Below are some proposed tasks for your group projects in INFO216, Spring 2021. It is ok for several groups to choose the same assignment. We can often define variants so each group does a slightly different thing :-)

Enriching news knowledge graphs

The News Hunter platform harvests texts in real time from online news and social media. Each text is lifted semantically into a small knowledge graph that represents the text item (for example a tweet or an RSS article) itself along with the people, places, organisations etc it mentions. The assigment is to extend such knowledge graphs with additional information taken from reference sources like Wikidata, DBpedia, GeoNames, ConceptNet, YAGO3, YAGO4 and others.
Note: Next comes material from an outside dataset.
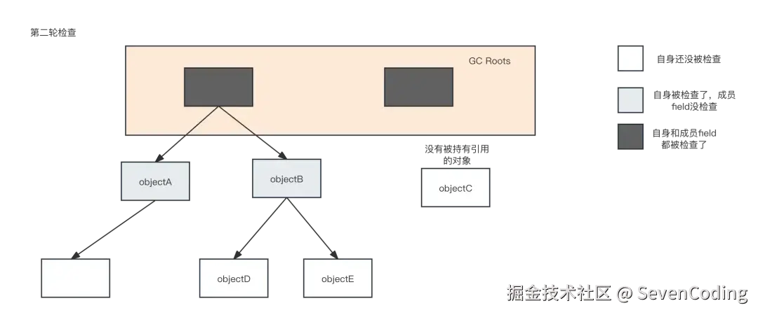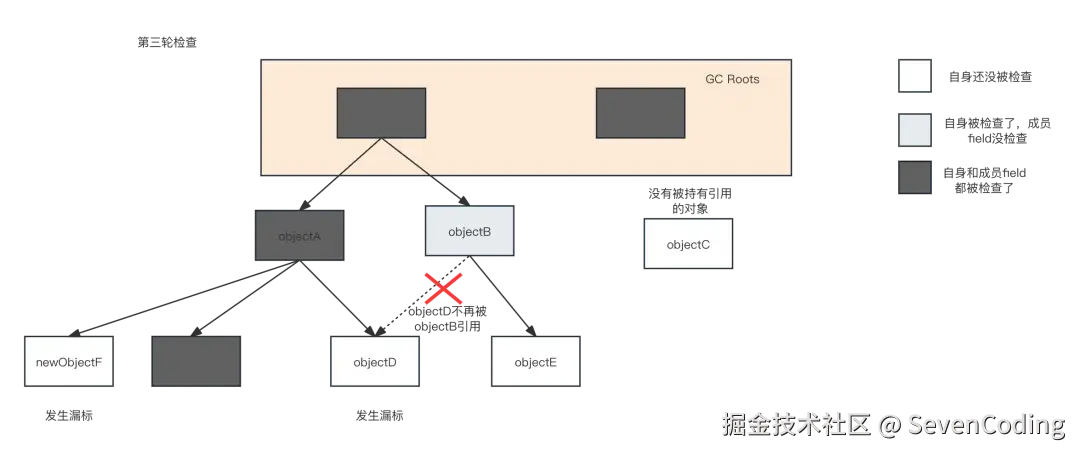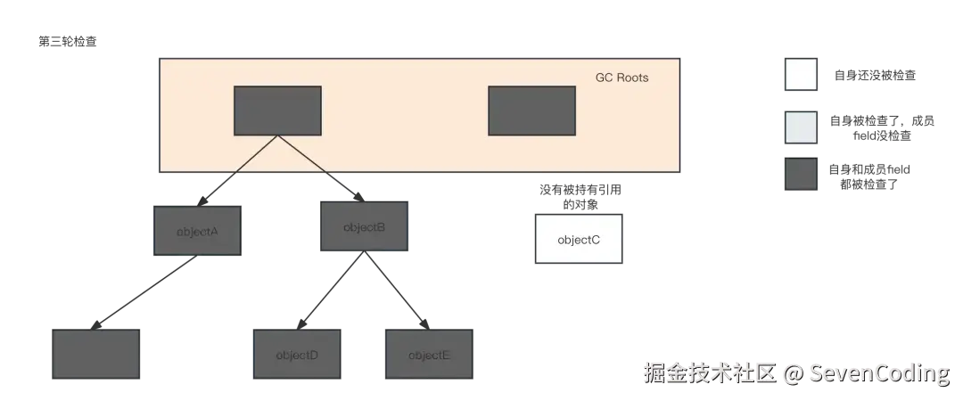 第三轮检查,循环之前的步骤,将被标记为灰色对象的子Field检查。因为这里就假设了3次循环检查的对象,所以是最后一次检查。这一路检查结束,还是白色的对象就是可以被回收的对象。即图例里的objectC

The assigment will deliver a software tool that inputs a small knowledge graph that represents a news text and outputs a larger knowledge graph with related information from these reference sources. We will provide example knowledge graphs you can use as input. It is a bonus if the tool offers a Fast API interface and runs in a Docker.

Here are some examples of item graphs in Turtle (rename the files from *.txt to *.ttl):

If you need more item graphs, you can continue with the ones posted below for the "News graph aggregator" task!

The ontology behind the graphs is described in Figure 4 in this paper: https://link.springer.com/article/10.1007/s10270-020-00801-w (but there can be some small changes since then).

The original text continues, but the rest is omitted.